Information supplied:
<<<<

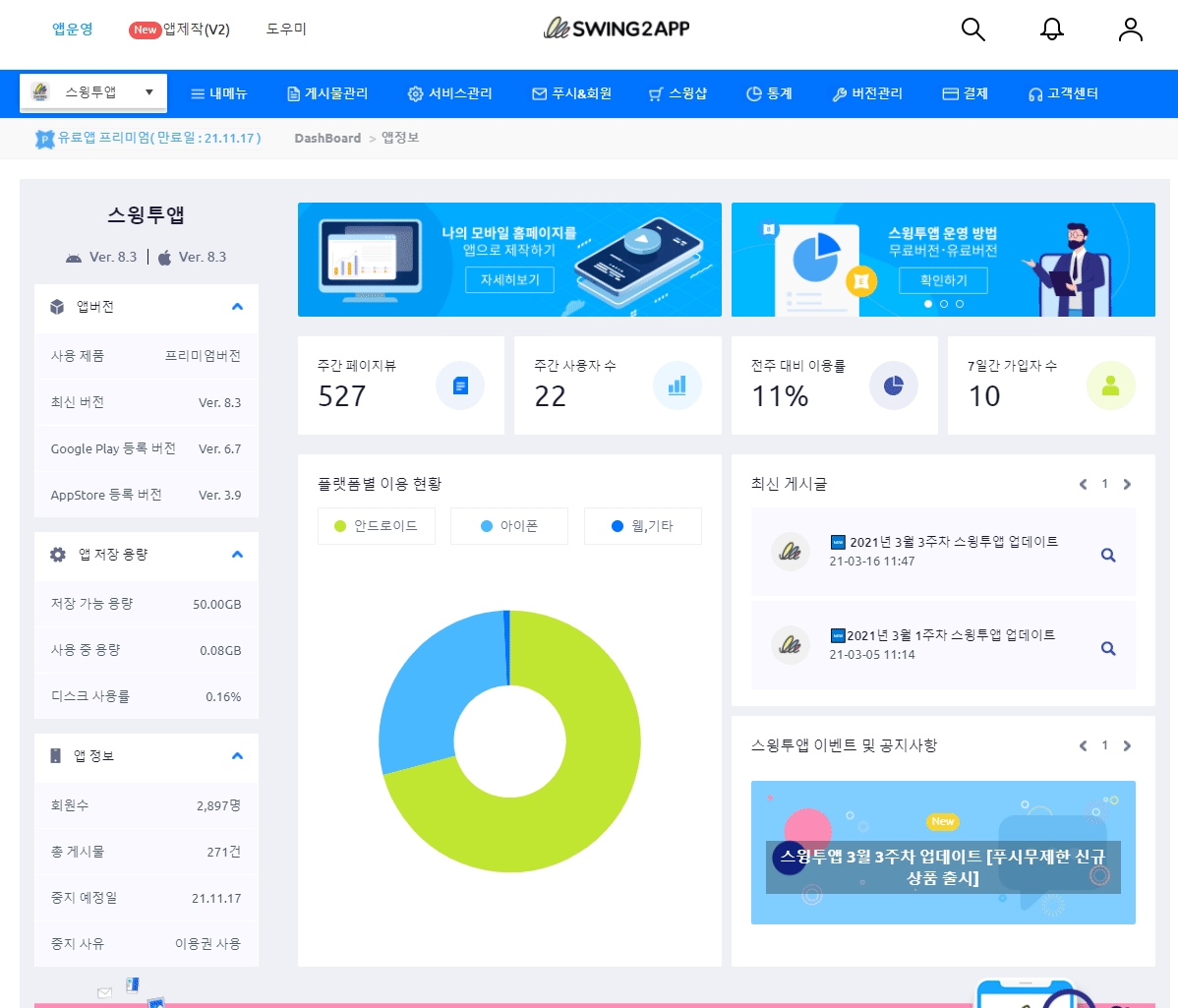 앱 관리자는 앱에 관련된 관리 및 운영은 스윙에서 제공하는 앱운영페이지(대시보드)에서 진행할 수 있는데요.
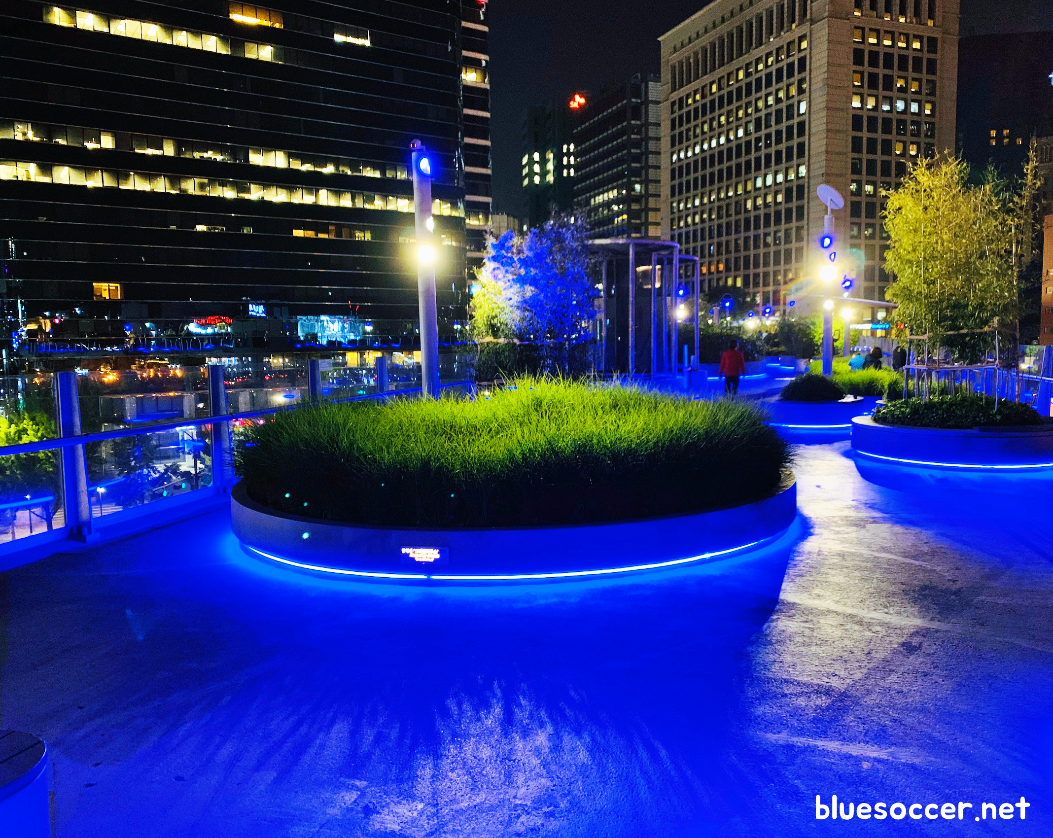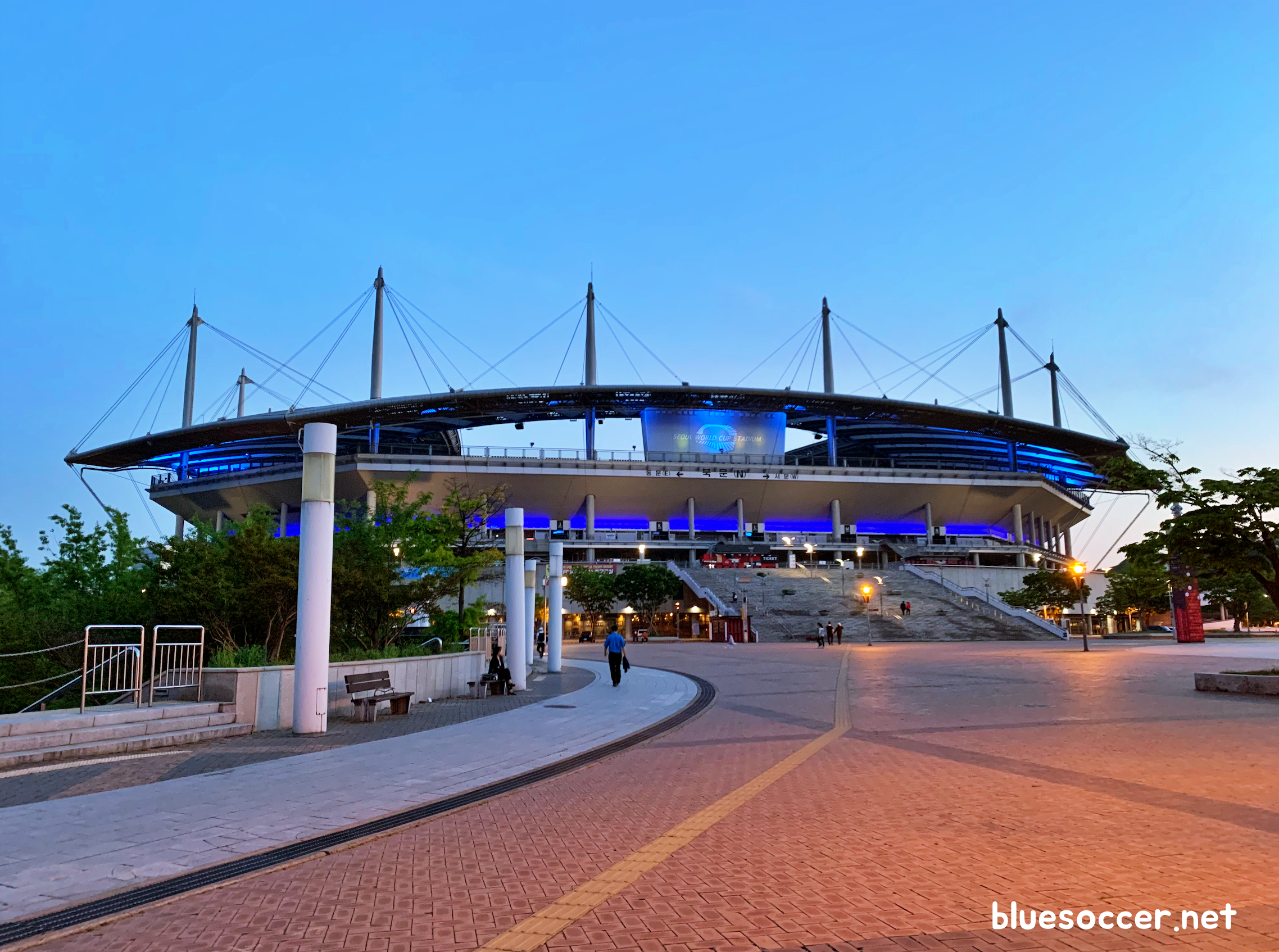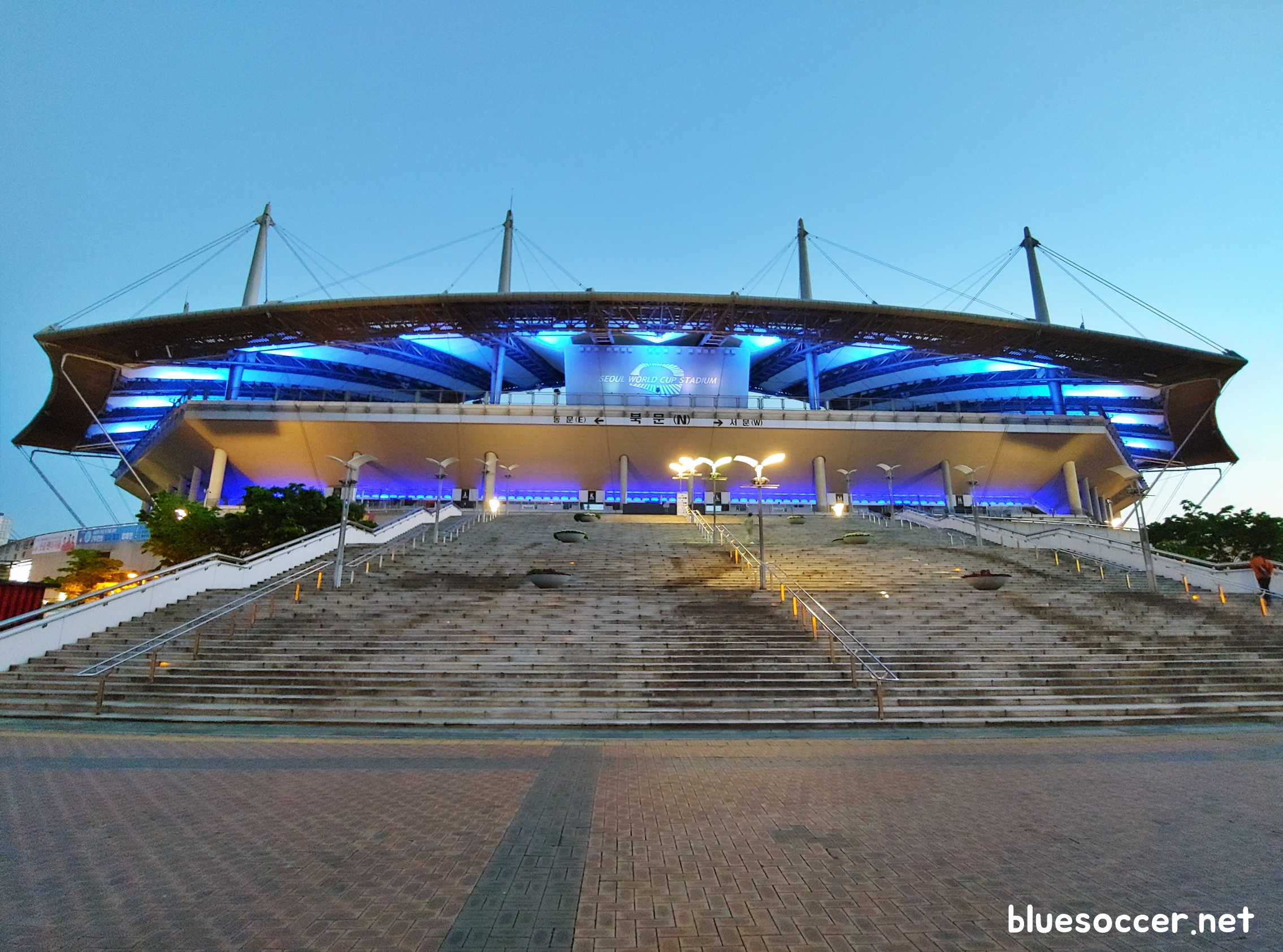 다음 날에는 서울월드컵경기장으로 향했습니다. 이곳에서도 블루라이트 캠페인 진행된 모습을 볼 수 있습니다. 경기장 지붕에 파란색이 들어온 모습이 개인적으로는 낯설게 느껴졌습니다. 저에게 있어서 서울월드컵경기장하면 떠올리게 되는 색깔이 붉은색입니다. 서울월드컵경기장은 축구 A매치가 펼쳐지는 곳으로서 한국 대표팀 선수들의 홈 유니폼 상의는 붉은색입니다. 또한 이곳은 K리그 FC서울 홈 구장입니다. FC서울 선수들이 서울월드컵경기장에서 경기에 임할 때의 홈 유니폼 상의는 검붉은색(검정+붉은색)입니다. 그렇기에 서울월드컵경기장하면 붉은색을 떠올리기 쉬운데 지붕에 푸른빛이 들어왔습니다. 평소에 볼 수 없었던 모습을 블루라이트 캠페인 통해서 직접 접했습니다.
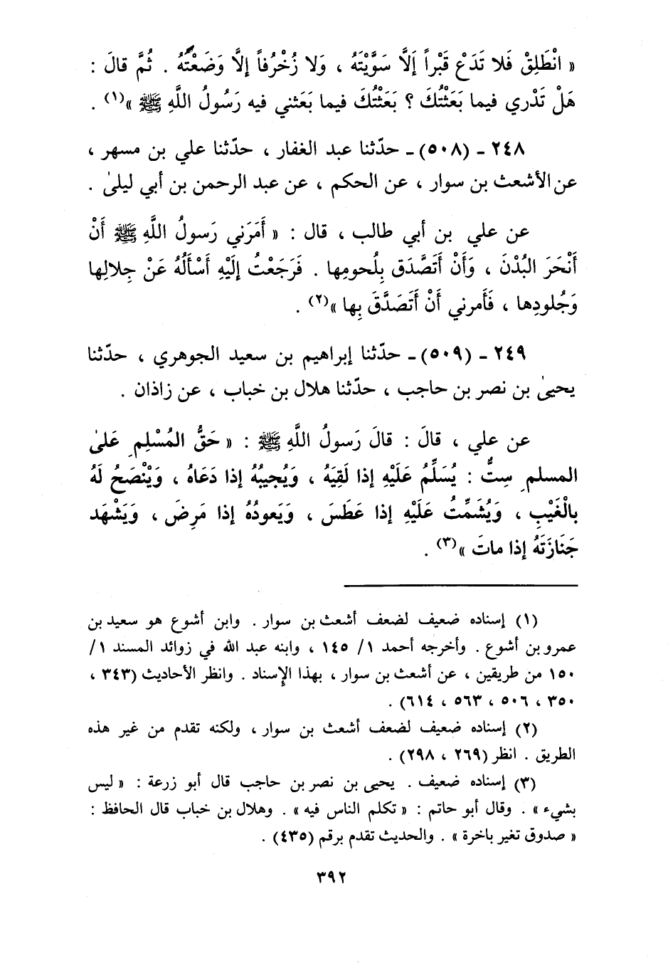 508 - حَدَّثَنَا عَبْدُ الْغَفَّارِ، حَدَّثَنَا عَلِيُّ بْنُ مُسْهِرٍ، عَنِ الْأَشْعَثِ بْنِ سَوَّارٍ، عَنِ الْحَكَمِ، عَنْ عَبْدِ الرَّحْمَنِ بْنِ أَبِي لَيْلَى، عَنْ عَلِيِّ بْنِ أَبِي طَالِبٍ، قَالَ: «أَمَرَنِي رَسُولُ اللَّهِ صَلَّى اللهُ عَلَيْهِ وَسَلَّمَ أَنْ §أَنْحَرَ الْبُدْنَ، وَأَنْ أَتَصَدَّقَ بِلُحُومِهَا، فَرَجَعْتُ إِلَيْهِ أَسْأَلُهُ عَنْ جِلَالِهَا وَجُلُودِهَا، فَأَمَرَنِي أَنْ أَتَصَدَّقَ بِهَا» Kإسناده ضعيف

>>>>

What is expected: Transcribe all of the lines above exactly as given. The pictures stay out.

Result:
 앱 관리자는 앱에 관련된 관리 및 운영은 스윙에서 제공하는 앱운영페이지(대시보드)에서 진행할 수 있는데요.
 다음 날에는 서울월드컵경기장으로 향했습니다. 이곳에서도 블루라이트 캠페인 진행된 모습을 볼 수 있습니다. 경기장 지붕에 파란색이 들어온 모습이 개인적으로는 낯설게 느껴졌습니다. 저에게 있어서 서울월드컵경기장하면 떠올리게 되는 색깔이 붉은색입니다. 서울월드컵경기장은 축구 A매치가 펼쳐지는 곳으로서 한국 대표팀 선수들의 홈 유니폼 상의는 붉은색입니다. 또한 이곳은 K리그 FC서울 홈 구장입니다. FC서울 선수들이 서울월드컵경기장에서 경기에 임할 때의 홈 유니폼 상의는 검붉은색(검정+붉은색)입니다. 그렇기에 서울월드컵경기장하면 붉은색을 떠올리기 쉬운데 지붕에 푸른빛이 들어왔습니다. 평소에 볼 수 없었던 모습을 블루라이트 캠페인 통해서 직접 접했습니다.
 508 - حَدَّثَنَا عَبْدُ الْغَفَّارِ، حَدَّثَنَا عَلِيُّ بْنُ مُسْهِرٍ، عَنِ الْأَشْعَثِ بْنِ سَوَّارٍ، عَنِ الْحَكَمِ، عَنْ عَبْدِ الرَّحْمَنِ بْنِ أَبِي لَيْلَى، عَنْ عَلِيِّ بْنِ أَبِي طَالِبٍ، قَالَ: «أَمَرَنِي رَسُولُ اللَّهِ صَلَّى اللهُ عَلَيْهِ وَسَلَّمَ أَنْ §أَنْحَرَ الْبُدْنَ، وَأَنْ أَتَصَدَّقَ بِلُحُومِهَا، فَرَجَعْتُ إِلَيْهِ أَسْأَلُهُ عَنْ جِلَالِهَا وَجُلُودِهَا، فَأَمَرَنِي أَنْ أَتَصَدَّقَ بِهَا» Kإسناده ضعيف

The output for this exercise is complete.